Johnson & Johnson announced Tuesday that booster shots for the COVID-19 vaccine developed by the company are 94 percent effective.
“Our large real-world evidence and Phase 3 studies confirm that the single-shot Johnson & Johnson vaccine provides strong and long-lasting protection against COVID-19-related hospitalizations. Additionally, our Phase 3 trial data further confirm protection against COVID-19-related death,” said Mathai Mammen, M.D., Ph.D., Global Head, Janssen Research & Development, Johnson & Johnson. “Our single-shot vaccine generates strong immune responses and long-lasting immune memory. And, when a booster of the Johnson & Johnson COVID-19 vaccine is given, the strength of protection against COVID-19 further increases.”
Other findings show that the Johnson & Johnson vaccine has a stable effectiveness of 79 percent against COVID-19 related infections and 81 percent for hospitalizations. No evidence of reduced effectiveness was found for the length of the study, which was conducted from March to July of this year and included 390,000 Johnson & Johnson vaccine recipients compared to 1.52 million unvaccinated people.
For the study, booster shots were given 56 days after the initial Johnson & Johnson single-dose vaccine. Apart from 94 percent protection against symptomatic infections in the U.S., the booster was 75 percent effective against symptomatic COVID-19 globally and 100 percent protective against severe or critical infections at least 14 days post final vaccination.

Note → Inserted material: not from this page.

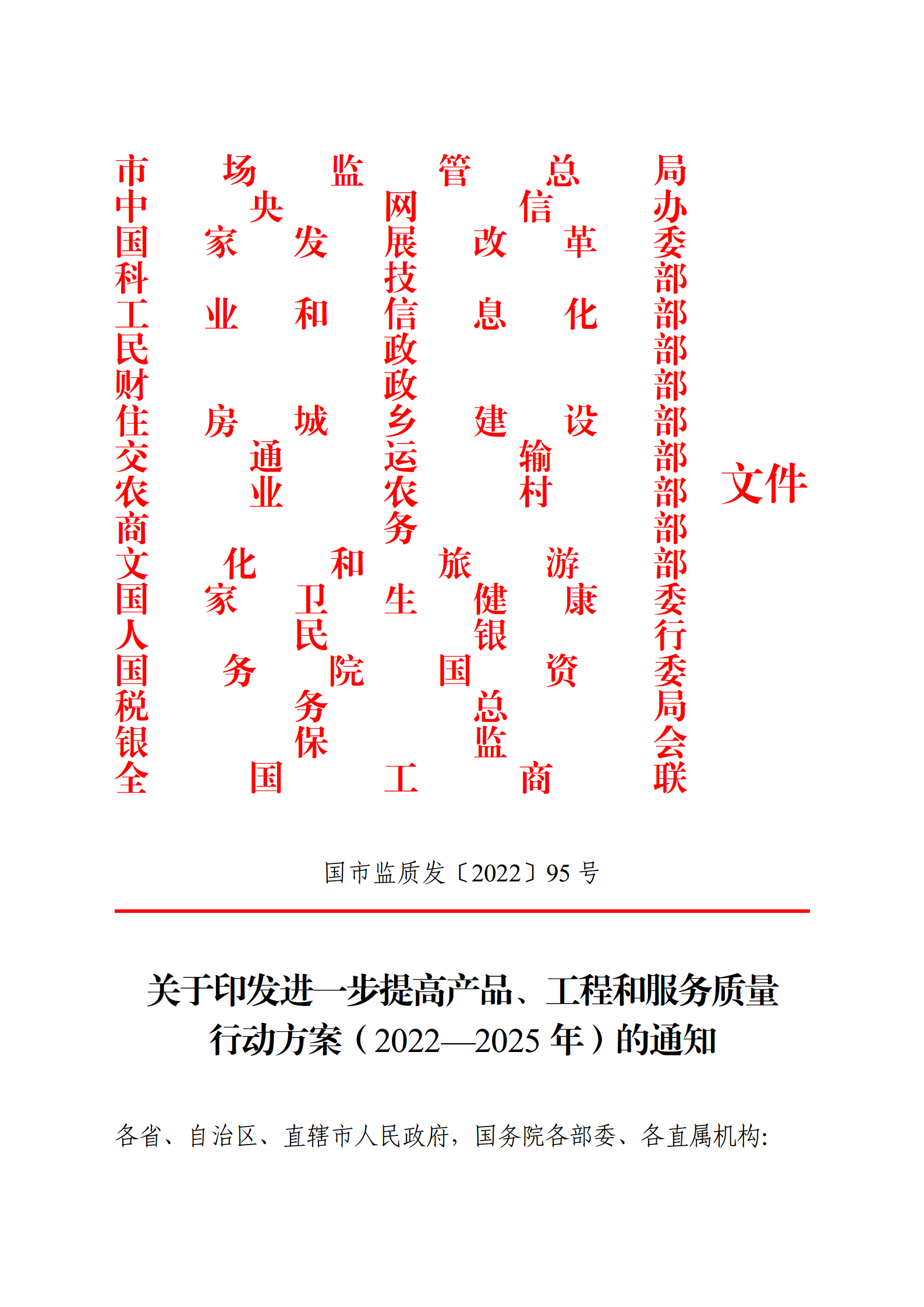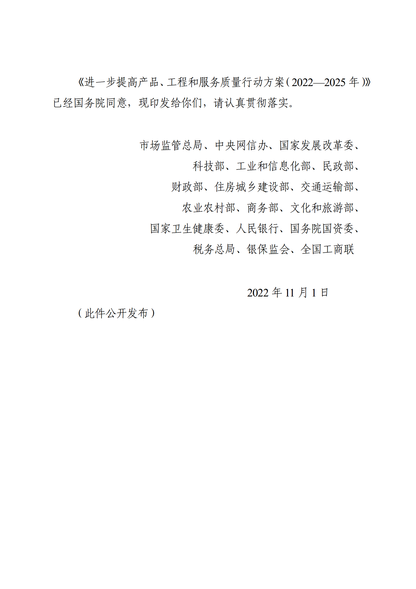进一步提高产品、工程和服务质量行动方案(2022—2025年)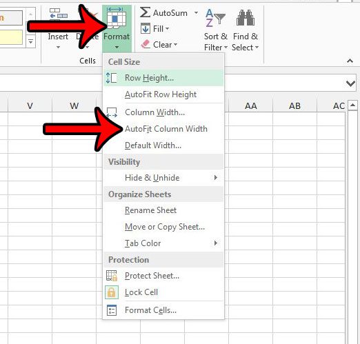 如果您這樣做有困難,您還可以通過單擊自動調整列格式按鈕在細胞功能區部分,然後單擊自動調整列寬選項。

“When a booster of the Johnson & Johnson COVID-19 vaccine was given two months after the first shot, antibody levels rose to four to six times higher than observed after the single shot,” Johnson & Johnson said. At six months, the booster provided a 12-fold increase in antibodies.
In areas with high Delta variant transmission, COVID-19 rates were higher. Dr. Dan Barouch, head of Beth Israel Deaconess' Center for Virology and Vaccine Research, said the vaccine’s apparent lack of effectiveness in other countries have been impacted by circulation of virus variants, according to CNN.
Early this year, the U.S. Food and Drug Administration approved the single-dose Johnson & Johnson vaccine for emergency use. Other organizations outside of the U.S. have also approved its use. A two-dose Moderna vaccine FDA approved for emergency use and a two-dose Pfizer BioNTech vaccine with full approval have effectiveness around 90 percent.
Unlike the Moderna and Pfizer vaccines, which deliver RNA or mRNA directly to the body wrapped in compounds called lipids, the Johnson & Johnson shots are made using an adenovirus, a common cold virus, that's been engineered to get into cells and deliver genetic instructions, explained CNN.
Last week, the FDA rejected a Pfizer booster shot for general population use, but approved it for seniors over age 65 and high-risk patients. President Joe Biden’s top medical advisor Dr. Anthony Fauci said Sunday that top medical experts are working on getting data to the FDA regarding the Moderna and Johnson & Johnson boosters.